There I was driving my car in my home town.

I had a pleasant day at work.

I was feeling fulfilled at the tasks I had accomplished that day.

As I turned out of the parking lot, another car cut me off.

In an instant, my blood began to boil.

I went into a tirade.

The language that spewed out of my mouth would have made a drunken sailor blush.

I was absolutely livid.

How could that jerk be so inconsiderate?

What were they thinking?

What an imbecile!!!

In an instant, I had gone from calm, cool, and collected to irate, fuming, and stressed.

It was an instantaneous moment that threw me into road rage.

When I arrived at my house after my anger filed drive home, I inspected my car to see if there had been any damage in the auto altercation.

As I finished walking around my car, my suspicions were confirmed.

There was no damage to my car.

Then I asked myself a pointed question.

“Was all that brimstone filled rage worth it?

After a few moments of pause, I concluded that nothing good came from my road rage.

Even as I mulled over the uselessness of my road rage, I could still feel the tightness in my shoulder and neck muscles.

It had been more than thirty minutes since I was cut off by that driver, and I was still slightly enraged from the incident.

I then made a decision that I would no longer engage in road rage.
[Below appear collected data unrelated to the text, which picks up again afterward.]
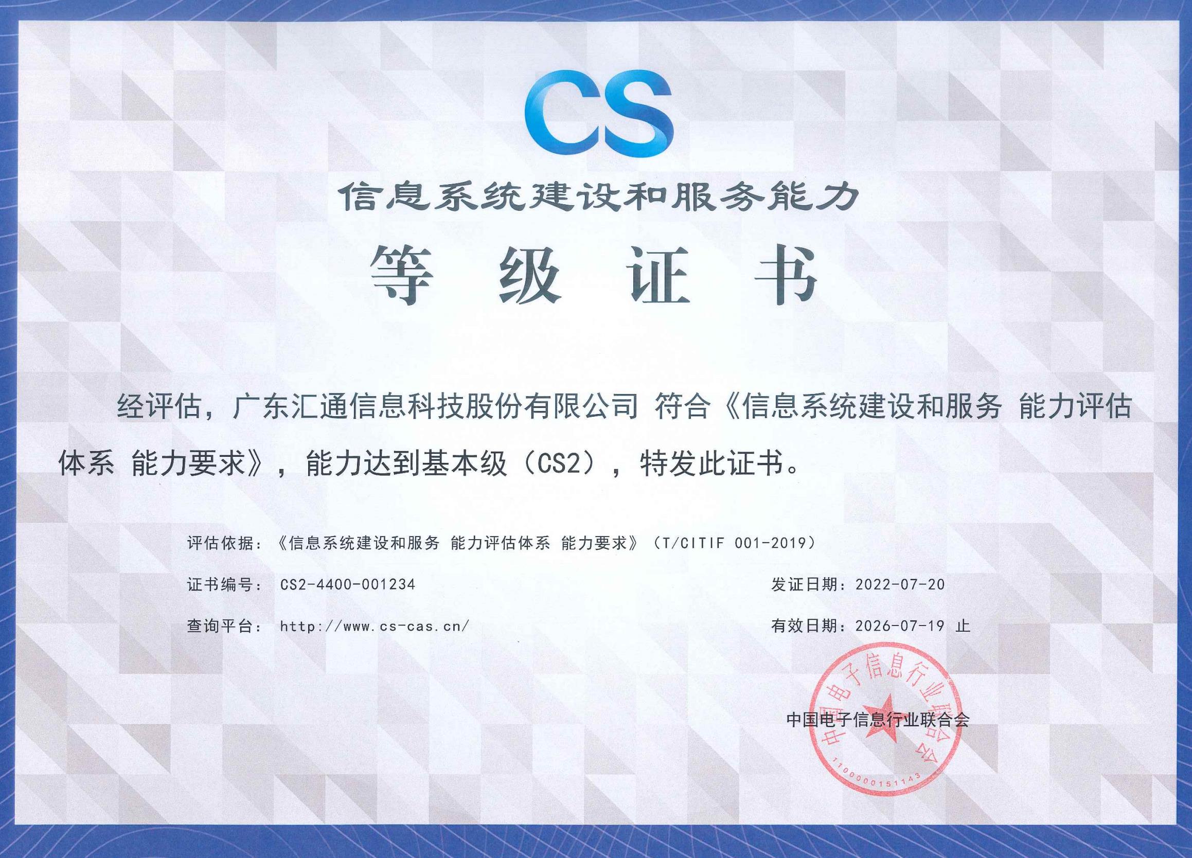 信息系统建设和服务能力CS2级证书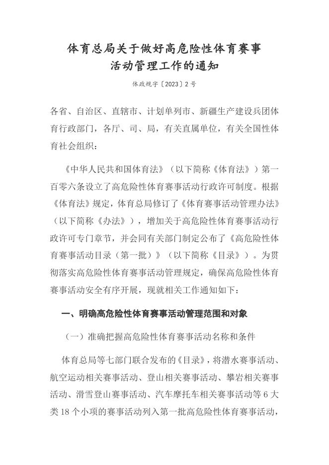 体育总局关于做好高危险性体育赛事活动管理工作的通知.docx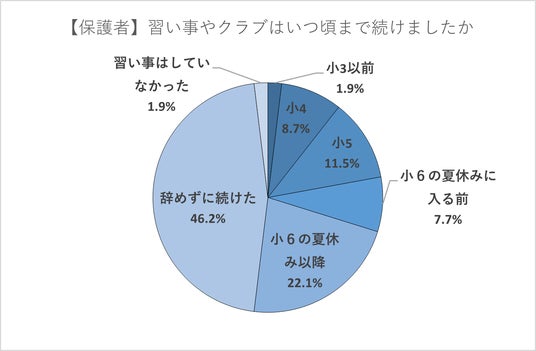 受検生の保護者に、習い事やクラブを続けた時期を聞いたところ、46.2%が「辞めずに続けた」と回答し、「小6の夏休み以降」と回答した保護者は22.1%だった。多くの受検生が小学6年生の夏以降も習い事やクラブを継続しており、受検勉強と両立していることが明らかとなった。
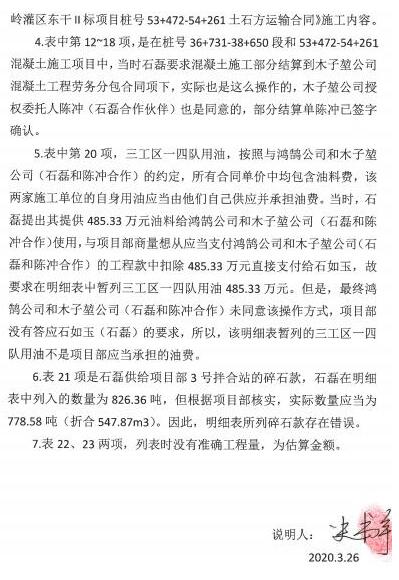 2019年8月24日,商务副经理史书宇通过微信向石磊微信发送了《对账明细表》,该《对账明细表》上没有石如玉签名和水安公司盖章,没有中水六局的项目经理、生产经理崔国印、蔡洪亮、蔺新龙、丁文胜以及中水六局的工程部、财务部、安全部、质检部、设备部、商务部等人员签字,也没加盖中水六局的项目章。 2020年3月26日,史书宇出具《关于<截止至 2019.7.31日石如玉(海南水安建筑工程有限公司)对账明细表>的说明》,阐明当时是石磊为了向项目部请款,为反映其实施工作的大致金额,统计了此表,表中已付金额财务数据是石磊提供的,因为不是最终的对账结算单,该明细表既不是结算单也不是财务部门出具的对账单,不具有对账、结算的效力。

For the most part, I’ve left the world of road rage behind me.

From time to time, I still get upset at other drivers.

This summer, I took my daughter Norah out for some ice creams.

While we were talking, I shared with her that my biggest pet peeve is when people don’t obey traffic laws.

“We live in a society governed by the rule of law!!” I proclaimed to Norah.

We all drive these expensive vehicles, and some people drive on the roads like they own the roads.

They don’t even seem to acknowledge that there are other people on the roads.

After my conversation with Norah, I recognized that my old nemesis road rage was attempting to claw its way back into my life.

I recognized that I had to dial up my vigilance against the enemy that sought to bring havoc, mayhem, and wrath back into my life.

One of the benefits of adding years to my soul is recognizing that some things are not worth the worry.

Robert Eliot gives us good guidance when he said the following:

Rule number one is, don’t sweat the small stuff.  Rule number two is, it’s all small stuff.

There are constant annoyances, irritations, and frustrations that we face daily.

Every day, I’m reminded of this as one of my children starts yelling in a fury at one of their siblings.

Most of the time, I wait until they resolve their differences.

Other times I recognize that it’s time for me to intercede into their fight.

The first thing I do is separate the fighting children and make them go to their respective rooms to cool down from the fight.

After a few moments, I enter the first child’s room and begin a conversation with them.

I’m playing the role of a detective at this point.

I want to find out what happened to cause disharmony in my household.

After talking with the first child, I then go to the other child’s room.

I continue with my investigation.

Most of the time, the argument started with a small incident.

Something was said, or something was done that hurt the other child’s feelings.

Most of the time, the initial offending word or deed was innocent.

Once someone became offended, things escalated quickly, and shouting ensued.

In the past, sometimes things went too far, and fists begin to fly.

Fortunately, we’ve been able to curb our children’s anger enough and taught them that hitting another person is not a valid choice.

One of the things my wife often repeats to our children is, “You always have a choice on how you react.”

Her words have been a reminder to me about my ultimate power.

I always have the power to choose how I will react.

Back when I lived in a world of road rage, I was instantly engulfed in fury at the slightest provocation of somebody else’s thoughtless driving.

It was as if I was standing in a pool of gasoline with a lit match that was dangling from my fingertips.

One small bump and I would drop the match, and a bonfire would ensue.

Now many years later, I’m glad I recognized the futility of living life with such a short fuse.

By allowing myself to jump into road rage so quickly, I was opening myself up to be overtaken by my circumstances.

Once I banished road rage from my life, I recognized a new calm in my life.

I began to see that the way I acted in one area of my life was indicative of the way I was choosing to live in other areas of my life.

The incidents that led to road rage were violations of what I viewed as acceptable human behavior.

I had become too rigid in what I viewed as acceptable.

This rigid adherence to the correct way of living life was too constraining.

It meant I was constantly on edge.

I had to be the vigilant warrior to protect the world from what I deemed were abuses of humanity.

My rigidity had become destructive to my well-being.

Over time, I’ve come to recognize that all the anger that ensued from reacting to daily annoyances was draining the life force out of me.

I conclude that the anger and aftereffects of anger simply weren’t worth it.

It was time to recognize and live the words of Robert Elliot.

Rule number one is, don’t sweat the small stuff.  Rule number two is, it’s all small stuff.